- [Exercise inputs]:
---+---
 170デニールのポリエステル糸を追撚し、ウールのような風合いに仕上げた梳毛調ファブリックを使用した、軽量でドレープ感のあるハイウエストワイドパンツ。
---+---
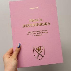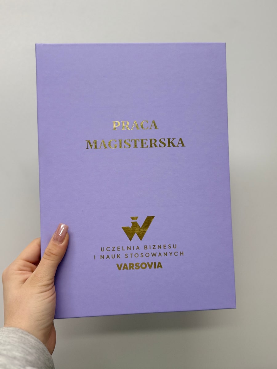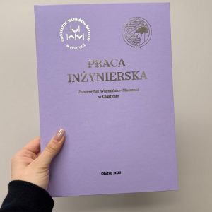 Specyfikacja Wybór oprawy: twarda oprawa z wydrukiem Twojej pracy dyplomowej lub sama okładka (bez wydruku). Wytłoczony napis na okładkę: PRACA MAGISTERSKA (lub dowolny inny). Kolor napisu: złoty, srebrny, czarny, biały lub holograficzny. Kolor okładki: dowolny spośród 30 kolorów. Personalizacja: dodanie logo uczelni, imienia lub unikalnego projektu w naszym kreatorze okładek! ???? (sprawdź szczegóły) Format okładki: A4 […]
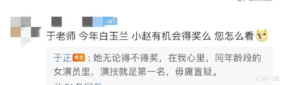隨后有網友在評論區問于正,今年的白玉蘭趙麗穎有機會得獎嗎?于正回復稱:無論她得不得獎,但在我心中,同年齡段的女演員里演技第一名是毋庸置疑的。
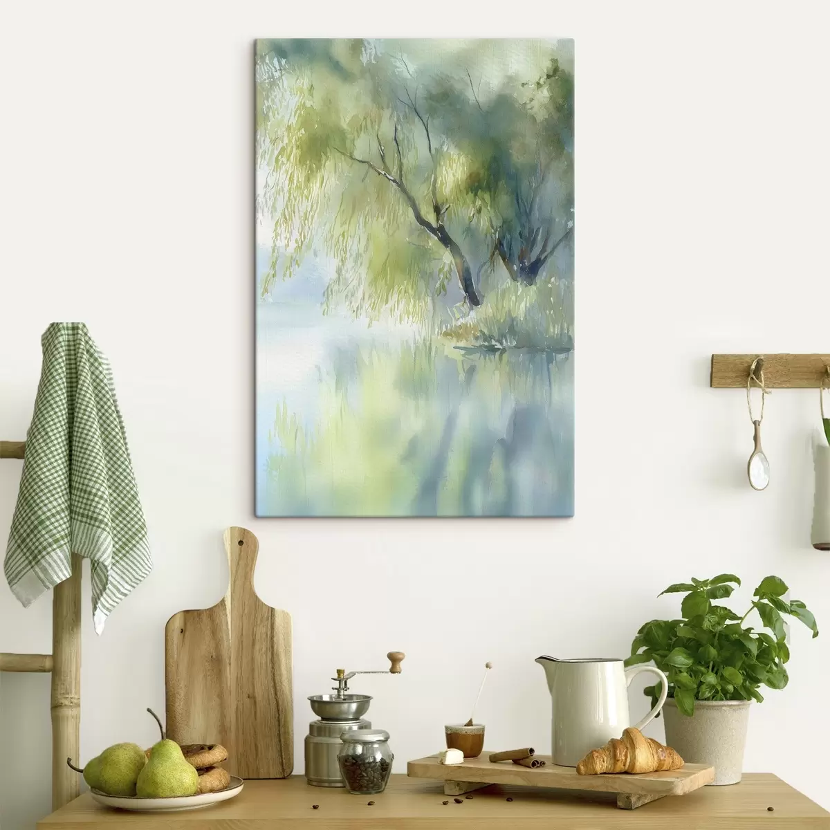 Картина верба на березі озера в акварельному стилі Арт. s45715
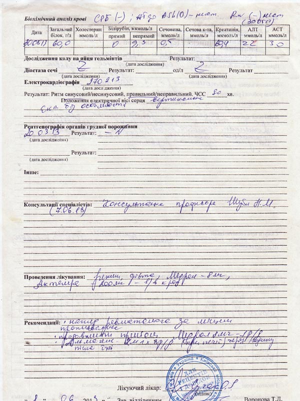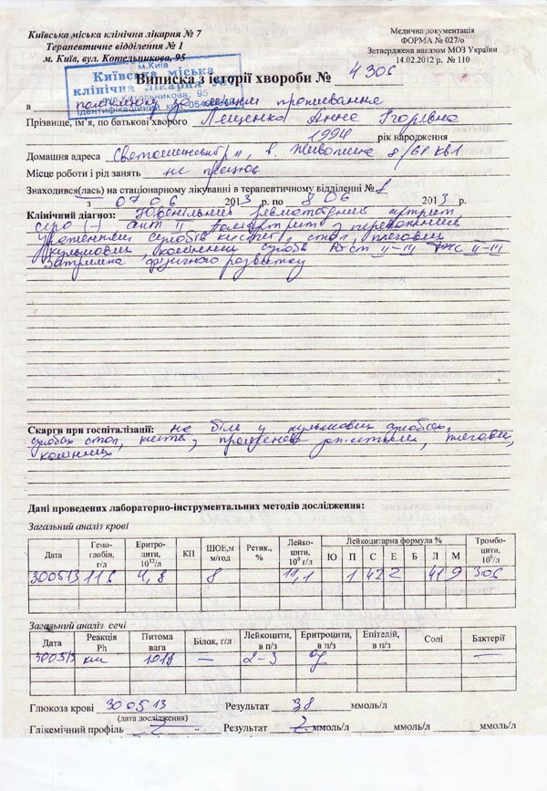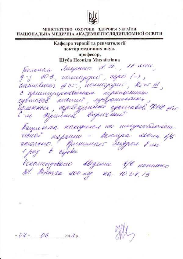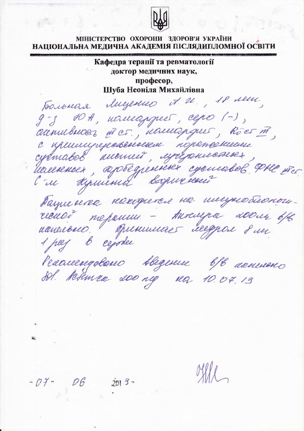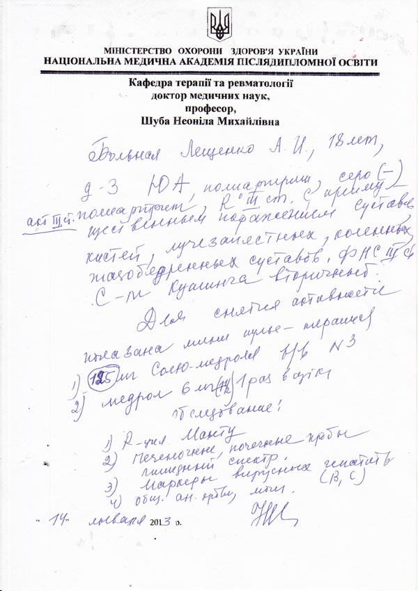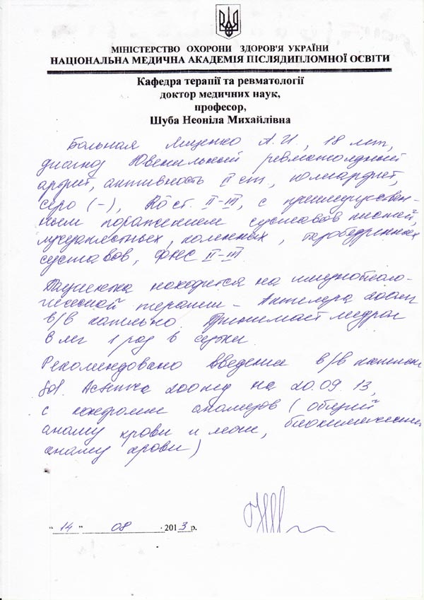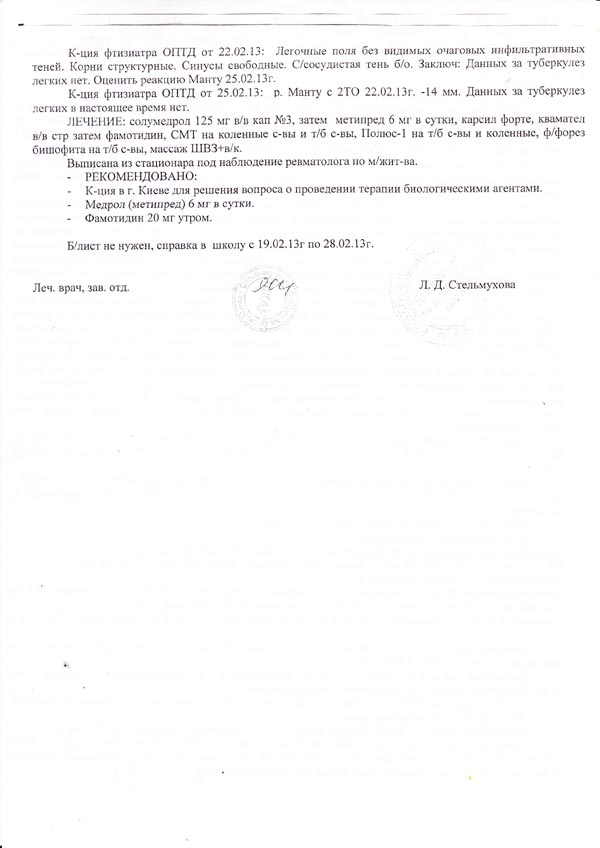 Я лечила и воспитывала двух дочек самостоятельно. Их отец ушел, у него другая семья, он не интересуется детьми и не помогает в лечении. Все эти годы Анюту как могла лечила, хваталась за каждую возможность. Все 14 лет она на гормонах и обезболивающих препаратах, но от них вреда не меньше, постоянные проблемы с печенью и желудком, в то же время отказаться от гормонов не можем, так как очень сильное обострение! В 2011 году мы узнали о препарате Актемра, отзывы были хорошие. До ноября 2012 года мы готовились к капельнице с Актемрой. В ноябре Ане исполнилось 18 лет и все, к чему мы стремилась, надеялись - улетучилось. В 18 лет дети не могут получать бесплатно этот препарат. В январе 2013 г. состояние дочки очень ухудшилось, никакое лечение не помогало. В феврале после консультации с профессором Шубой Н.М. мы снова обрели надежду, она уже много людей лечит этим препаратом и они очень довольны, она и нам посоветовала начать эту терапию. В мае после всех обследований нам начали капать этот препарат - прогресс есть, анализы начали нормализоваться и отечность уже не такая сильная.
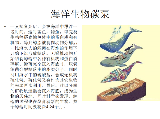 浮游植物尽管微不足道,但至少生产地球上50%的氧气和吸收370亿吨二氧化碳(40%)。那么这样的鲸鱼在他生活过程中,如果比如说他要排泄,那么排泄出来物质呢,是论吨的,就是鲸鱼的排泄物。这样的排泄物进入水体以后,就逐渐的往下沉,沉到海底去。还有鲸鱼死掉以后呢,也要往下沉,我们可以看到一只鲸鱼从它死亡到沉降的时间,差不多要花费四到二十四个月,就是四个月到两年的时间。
---+---
- [Problem requirements]:
In the listing above, find the line with "隨后有網友在評論區問于正,今" and the line with "Картина верба на". Set down both and every line between them, minus the pictures.

- [Your response]:
隨后有網友在評論區問于正,今年的白玉蘭趙麗穎有機會得獎嗎?于正回復稱:無論她得不得獎,但在我心中,同年齡段的女演員里演技第一名是毋庸置疑的。
 Картина верба на березі озера в акварельному стилі Арт. s45715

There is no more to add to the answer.